During the stop we met some great touring cyclists, many from DC, who were also passing through. One couple on a tandem were on a shake-down ride in preparation for a month-long tour in Europe next month! We leapfrogged each other a few times, and enjoyed some great conversations and company. Before we knew it, and with ample daylight remaining we reached our destination and began scoping it out. No electricity or water were found, but ample bedding, a porta-john, firewood and secure bike storage would do.
Even though we had planned on checking out the food situation in Point of Rocks (1 mile south on the trail), where there is a pizza joint, a gas station, and a creamery – a flurry of text messages revealed one of our friends who couldn’t make the bike portion was on her way by car with dinner! Chips and fresh guacamole, hot dogs, corn and a few bottles of Port City Brewing Optimal Wit. Honestly I don’t think there could have been a tastier dinner to be had that night!

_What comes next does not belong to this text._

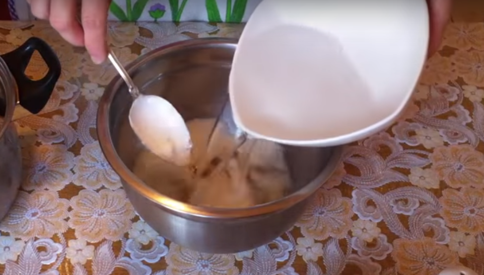 - Для придания будущему соусу густоты, в чашу просеивают пару ложек пшеничной муки.
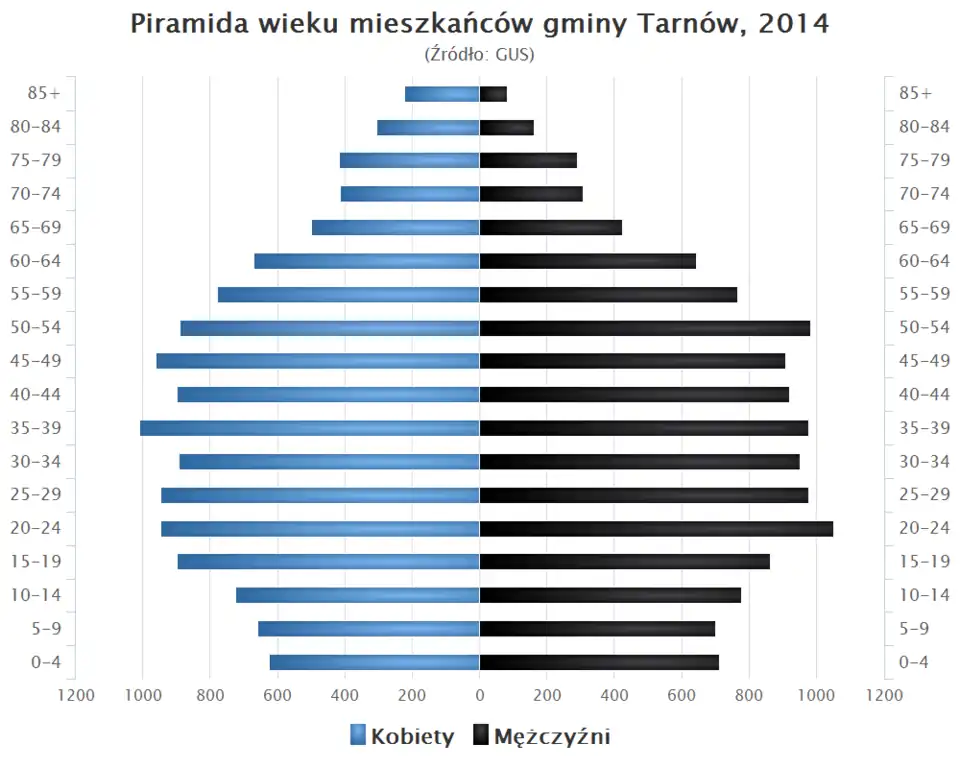 Piramida wieku mieszkańców gminy Tarnów w 2014 roku[19]

After unpacking, we quickly became aware of why the canal is no longer operating – the CSX freight tracks run parallel to the canal, only a few hundred feet from the lock house – and they are well used. During the day these interruptions don’t amount to much, maybe an interrupted conversation. But at night, on the rock hard beds in the lock house, the additional noise would interrupt much needed sleep. We found that with proper bed selection and strategic closing of windows and shutters the noise could be kept to a minimum.

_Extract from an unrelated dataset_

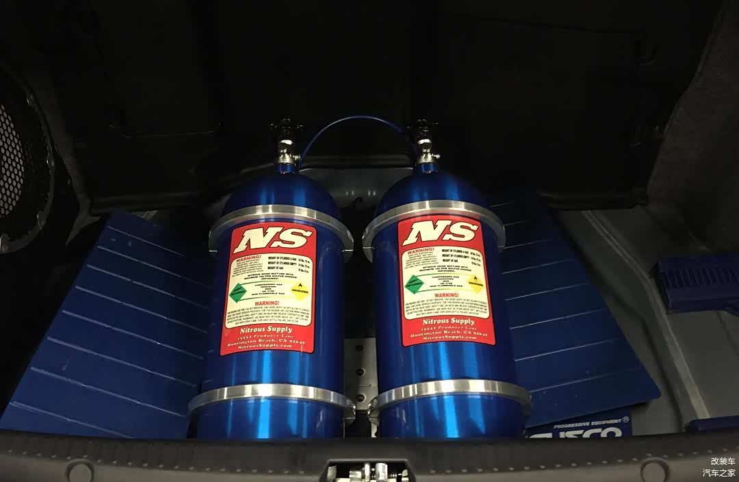 你以为后备箱这两个气罐是给空气避震储存气体的?这就错了,它们可是货真价实的氮气加速装置。需要时,向发动机内喷射一氧化二氮,高温分解出的氧气可以使更多的燃料得以燃烧,从而增大发动机输出功率,但考虑到这种装置长期使用会损坏发动机,车主平时都不会用到它。

The next morning we awoke and began to change into clean cycling clothes, but were interrupted frequently by passers by, who wanted a peek inside the house. Happy to oblige, we answered their questions and shooed them away so we could finish packing up. We were out the door at 9:30 and ready to hit the trail! But first, coffee and breakfast at the newly opened Deli on the Rocks.
Once again we met a couple of touring cyclists from DC, and again we leapfrogged back and forth until they split off at Whites Ferry. I hope they had a good ride!

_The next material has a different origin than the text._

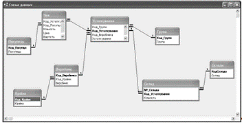 Схема БД магазину мережного устаткування (рис. 38) відображає зв’язки між таблицями, які встановлюються за допомогою зовнішніх ключів. Схема створювалася в такій послідовності:

The ride home was mostly uneventful, save for the snake encounter. We did realize (too late) that we were setting a fast pace and not eating or drinking nearly enough – despite our attempts to remember this the day before. A few rest stops were taken, but our big mistake was to not have a list of “attractions” handy with their respective mile markers. On the verge of bonk we pushed onwards thinking the visitor center at Great Falls was around each bend, for over 7 miles! By the time we arrived we were cooked. Lots of PB&J, plus some salty snacks and ice cream from the concession stand helped revive mind and body. And we got to see the lock in operation.
After missing some great opportunities this past summer – I also made sure to purchase my own copy of the National Park Service Passport. There is even a stamp for Lock House 28, which I had to paste into my book.
In no time we were back in familiar territory, and the mostly smooth paved CCT. In Georgetown, we stopped for iced coffee (and the air conditioning) and a rest along the banks of the Potomac. By this time we had put in 101 miles, and had about 3.5 left before home. It was so nice to be back on paved roads that I barely noticed the horrible noises coming from my dust and grit encrusted drivetrain. A full cleaning is scheduled soon, along with a handful of other maintenance items.
Ravenously hungry, we cleaned up and headed out to dinner on H Street NE, and enjoyed a few brews from the new local brewery – Atlas Brew Works. The topic of conversation… our next bike adventure – only 2 weeks away in the Languedoc-Roussillon region of France!